On Wed, 11 Apr 2012 07:18:38 -0700 (PDT)
Darrell Anderson <humanreadable(a)yahoo.com> wrote:
Generally the
gcc changes are to provide for the future,
unfortunately not giving that much weight to the past. No we are
not the only large project affected, but we are hit especially hard
due to the small manpower-to-codebase_size of this project. Where
other large projects, k4, gnome, etc.. may have hundreds of
developers to help with changes, we have a relative few.

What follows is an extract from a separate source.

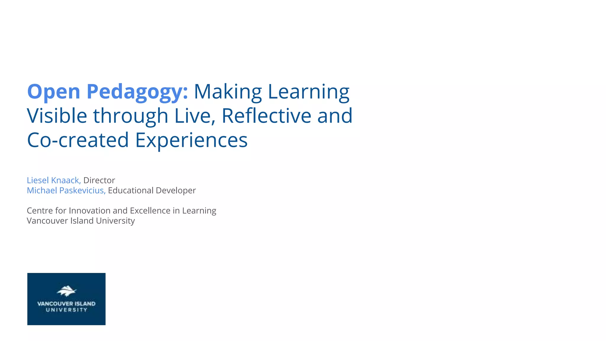 The document discusses open pedagogy as a method for enhancing learning through live, reflective, and co-created experiences. It emphasizes the importance of engaging students with an authentic audience and the representation of knowledge. Various aspects of open educational resources and practices, along with definitions and case studies, are explored to provide insights into implementing open pedagogy in educational settings.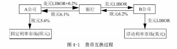 解析 双方进行货币互换的过程如图4-1所示。 货币互换前后A、B两家公司融资成本如表4-2所示。 表4-2货币互换前后A、B两家公司融资 公司 互换前成本 互换后成本 节约的融资成本 A公司 美元:LIBOR+0.2% 美元:LIBOR+0.2% 欧元:5.6%-6.1%=-0.5% 欧元:0.5% B公司 欧元:6.7% 美元:LIBOR-LIBOR=0 欧元:6.2% 欧元:0.5%

This the overwhelming attitude throughout free/libre software
developers: screw backwards compatibility. Damn the torpedoes, full
speed ahead with bleeding edge!
I understand the reasoning: much less overhead and tighter code. Yet
idealism seldom satisfies reality. Backwards compatibility is
necessary.
But here g++ developers *do* provide backwards compatibility, it is
called -fpermissive. And there is no "bleeding edge" at all unless you
consider C++98 to be a bleeding edge standard.
Anyway, old compilers still work. On my Slackware 13.1 system, I have
g++-3.4 installed into /opt, and I can use it to compile a working
program against system Qt4 thanks to system g++ being backwards
compatible with g++-3.4 in terms of ABI.